Diam For Murgatroyd: Whatsonstage.com
1 December 2012If the thought of yet another pantomime fills you with horror, then the seasonal frolic which makes up Eastern Angles' Christmas entertainment is the one for you. This year Julian Harries and Pat Whymark suggest that we Dial M for Murgatroyd. This eponymous character is a "sweet" old lady, not a million miles removed from a certain Miss Marple. She's summoned to a country village (one presumes in Suffolk) by her old school-friend Violet Fitzall.

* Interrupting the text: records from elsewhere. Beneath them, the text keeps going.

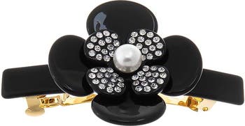 Pearl Flower W/ Rhinestone Black Hair Barrette
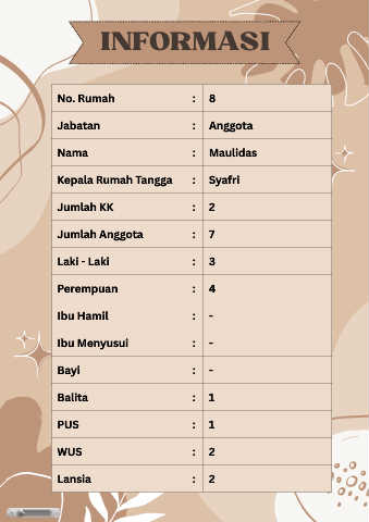 INFORMASI No. Rumah : 8 Jabatan : Anggota Nama : Maulidas Kepala Rumah Tangga : Syafri Jumlah KK : 2 Jumlah Anggota : 7 Laki - Laki : 3 Perempuan : 4 Ibu Hamil : - Ibu Menyusui : - Bayi : - Balita : 1 PUS : 1 WUS : 2 Lansia : 2
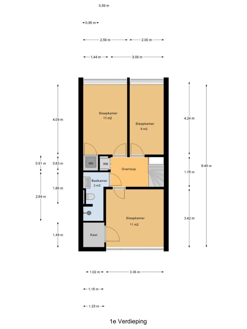 Op de eerste verdieping vind je drie slaapkamers, die flexibel in te delen zijn, bijvoorbeeld als slaap-, werk- of hobbykamer. Twee kamers beschikken over handige inbouwkasten en in één van deze kasten bevindt zich de wasmachineaansluiting.
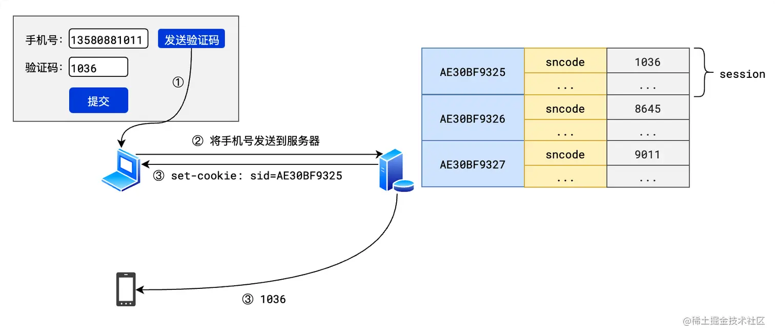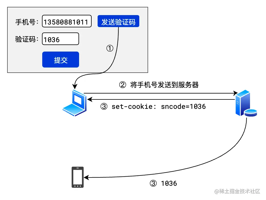 如果这样做,客户端可以随便填写一个别人的手机号,然后从 cookie 中获取到验证码,从而绕开整个验证。
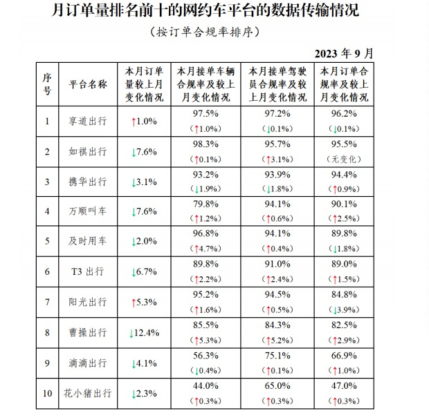 而中国交通运输部发布的《2023年9月份网约车行业运行情况》显示,截止9月30日,全国共有330家网约车平台公司取得网约车平台经营许可,环比增加3家;各地共发放网约车驾驶员证618.8万本、车辆运输证263.5万本,环比分别增长2.1%、2.5%。而网约车监管信息交互系统9月份共收到订单信息7.93亿单,环比下降3.9%。

Violet has a problem. Well, several of them in fact. One is her husband and lord of the local manor Clive. Two others are her huntin' shootin' fishin' daughter Georgina and her languidly effete son Fenton. The plot thickens and general mayhem ensues when one Mad Meg, assorted tramps, village people of differing degrees of probity, Georgina's unwelcome suitor and a Scotland Yard detective come onto the scene and into the fast and furious action.

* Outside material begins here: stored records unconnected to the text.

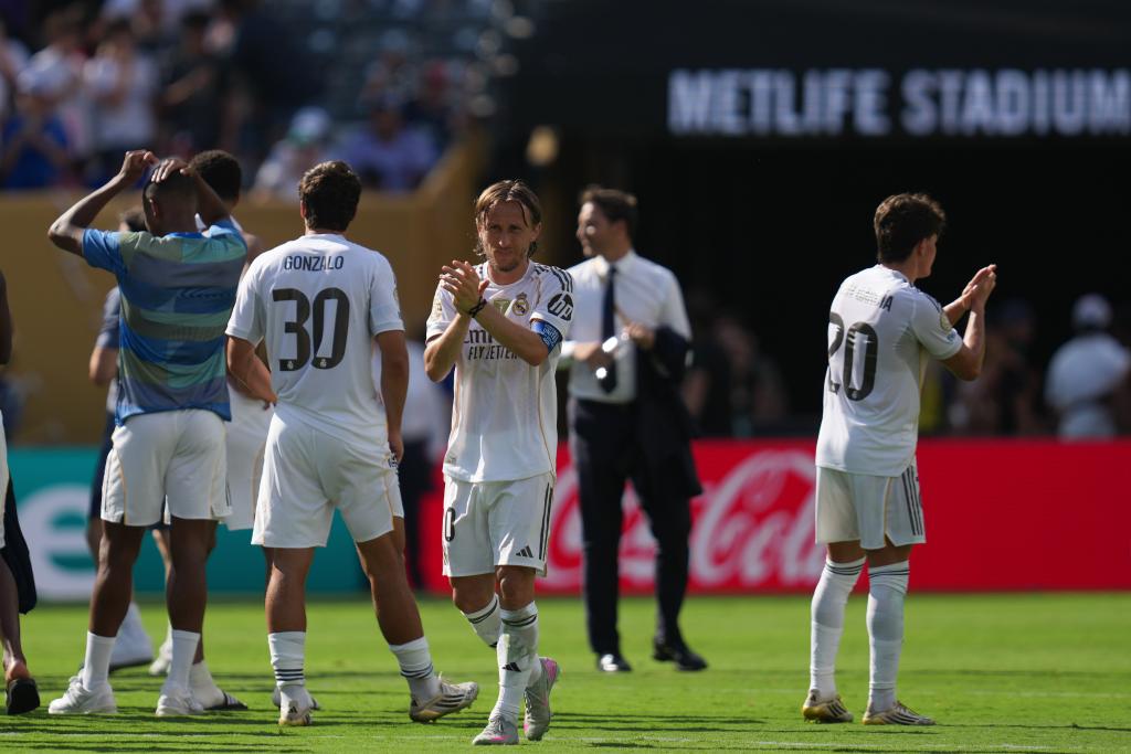 7月9日,在2025年國(guó)際足聯(lián)俱樂(lè)部世界杯(世俱杯)半決賽后,莫德里奇(中)在向觀眾致意,這是莫德里奇效力皇馬的最后一場(chǎng)比賽。新華社記者 黃宗治 攝
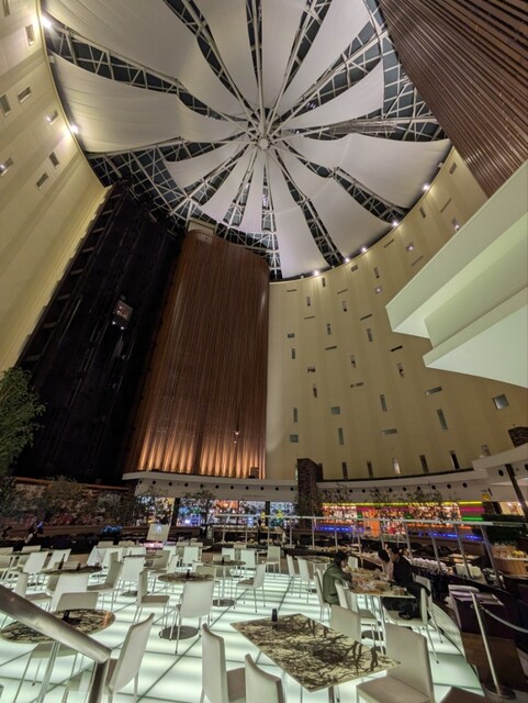 席から見える窓の外には中庭と時間帯も相まって、ナイトプールが見える。
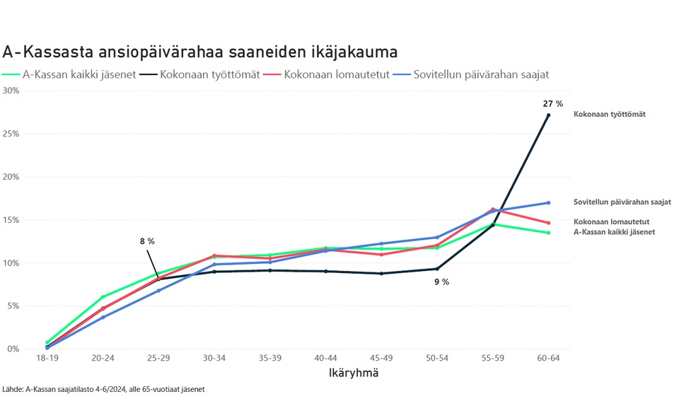 A-kassan etuudensaajien ikäjakaumatilasto osoittaa, että työttömyys keskittyy vanhempiin ikäluokkiin. Alle 45–50-vuotiaiden joukossa kokonaan työttömiä, lomautettuja ja sovitellun päivärahan saajia (työttömyysaikanaan osittain työllistyviä) on suhteellisesti vähemmän kuin saman ikäisiä kassan jäseniä. 50 ikävuoden jälkeen lomautettujen ja sovitellun päivärahan saajien osuus on suurempi kuin saman ikäisten jäsenten osuus kassan jäsenistä. Yli 55-vuotiailla kokonaan työttömien osuus ylittää heidän ikäryhmänsä osuuden kassan jäsenistä. Tämän jälkeen työllistyminen näyttää selvästi vaikeutuvan.
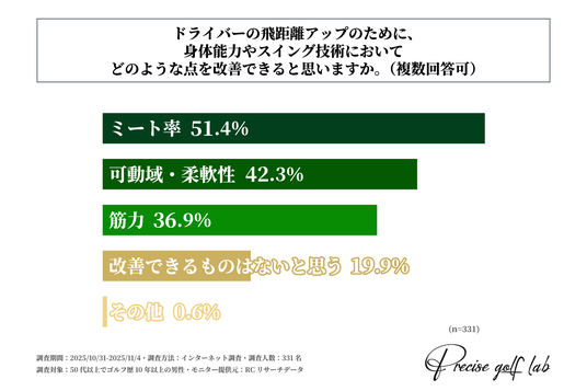 ・ゴルフ歴10年以上の男性シニアゴルファーが、ドライバーの飛距離アップのために、身体能力やスイング技術において改善できると考えることは主に「ミート率」や「可動域・柔軟性」

Designer Richard Evans has thought up an array of quick-change costumes and highly portable scene-setting props for the hard-working, hard-playing cast. Patrick Marlowe flips in and out of seven different characters (of both sexes) sometimes playing two or three in the same scene. Harries has written himself two major roles - Clive Fitzall and Inspector Jessop - but leaves plenty of juicy moments for Samuel Martin, including a brace of hapless butlers and the airy-fairy Fenton.
Emma Harley is the gun-toting, heavy fisted Georgina and the lissome Rose Early. Deborah Hewitt doubles Violet and the sinister cauldron-stirring Meg (anyone for an eye of newt and toe of frog supper after the show?). All five play various instruments, sing and dance to one of Whymark's delicately send-up pastiche scores. Hilarious.